How long does one request take from start to finish?

That duration is latency.


The Restaurant Analogy#

You sit down and order pasta. The clock starts.

The waiter walks to the kitchen, the chef cooks it, the waiter walks back, the plate lands on your table. The clock stops.

That total time = latency.

It doesn't matter how many other tables are being served. Latency is only about your one request.


Where does the time actually go?#

A request doesn't teleport. Time is spent at every step:

Step What's happening How slow?
Network Data physically travelling over wires between client and server 0.5ms same datacenter, 150ms US→Europe
Queuing Your request sitting in a waiting line before a thread picks it up Depends on traffic
Compute The server doing actual work — business logic, calculations Usually fast, microseconds
I/O Reading from a database or disk 150µs SSD, 10ms HDD — the killer

I/O is almost always the dominant cost

This is the one that surprises beginners. The server doing calculations is fast. Waiting for data from disk is what kills latency.

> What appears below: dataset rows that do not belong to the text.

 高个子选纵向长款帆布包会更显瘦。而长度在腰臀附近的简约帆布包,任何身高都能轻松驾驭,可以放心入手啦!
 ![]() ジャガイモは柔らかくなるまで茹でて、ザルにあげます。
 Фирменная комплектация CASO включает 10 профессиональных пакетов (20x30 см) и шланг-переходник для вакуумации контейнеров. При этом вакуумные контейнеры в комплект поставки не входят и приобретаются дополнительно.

Why is a database call so slow?#

Your server has two places it can get data from:

RAM — memory that lives inside the server itself. Accessing it is nearly instant because it's physically right there on the same chip. Like grabbing something off your desk.

Disk — where the DB permanently stores its data. This is a completely separate physical device. Every time your server needs data from the DB, it has to: 1. Send a request to the disk — "give me this data" 2. Wait for the disk to physically locate it 3. Transfer it back

That round trip is slow. And the reason databases live on disk — not RAM — is that disk survives a server restart. RAM gets wiped the moment the power goes off. You can't store your users' data there permanently.

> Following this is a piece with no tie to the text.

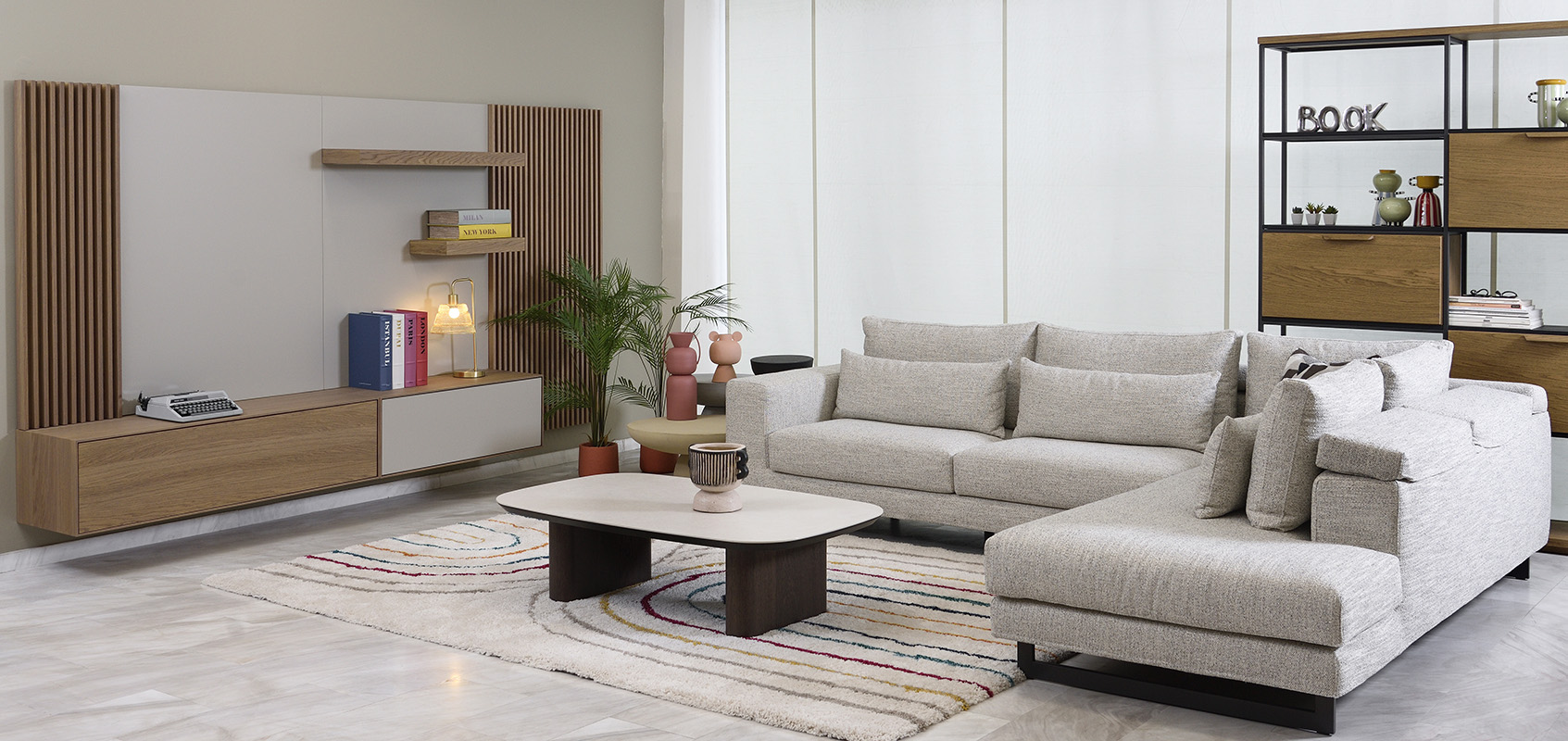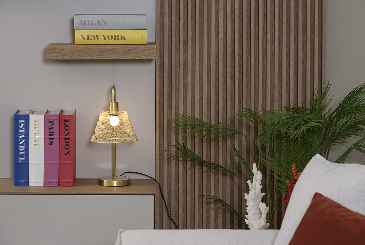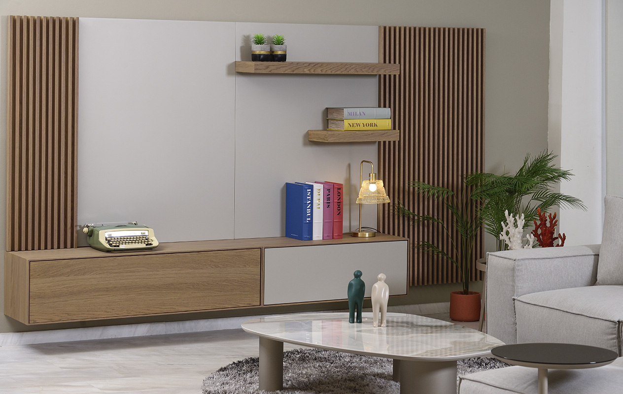 Κρεμαστή σύνθεση σαλονιού με διακοσμητικά ξύλινα πηχάκια. Είναι κατασκευασμένη από ξύλο δρυός και τα πορτάκια λειτουργούν με κρυφούς μηχανισμούς push-pull για αθόρυβη χρήση. Προσαρμόζεται σε κάθε χώρο ξεχωριστά καθώς παράγεται σε ποικιλία διαστάσεων και αποχρώσεων ξύλου.

The numbers every engineer must memorize

Where data lives Time to access Comparison to RAM
RAM ~100 nanoseconds baseline
SSD (disk) ~150 microseconds 1,500x slower
HDD (spinning disk) ~10 milliseconds 100,000x slower
Network (same datacenter) ~0.5 milliseconds 5,000x slower
Network (US → Europe) ~150 milliseconds 1,500,000x slower

These numbers are not trivia. They are the reason every architecture decision exists.

  • SSD is 1,500x slower than RAM → this is why caching exists
  • Cross-region network is 1.5M x slower than RAM → this is why CDNs exist

This single table explains more about system design than almost anything else. Every time someone proposes a solution, trace it back to one of these numbers.


High latency vs Low latency#

Not every system needs to be fast. But you need to know your target.

  • Low latency systems — Google Search (~200ms), stock trading (~1ms), games (<50ms)
  • High latency is acceptable — batch report generation (minutes), video transcoding (hours)

In an interview — never say "the system should be fast"

Always give a specific number. Example: "latency should be under 100ms"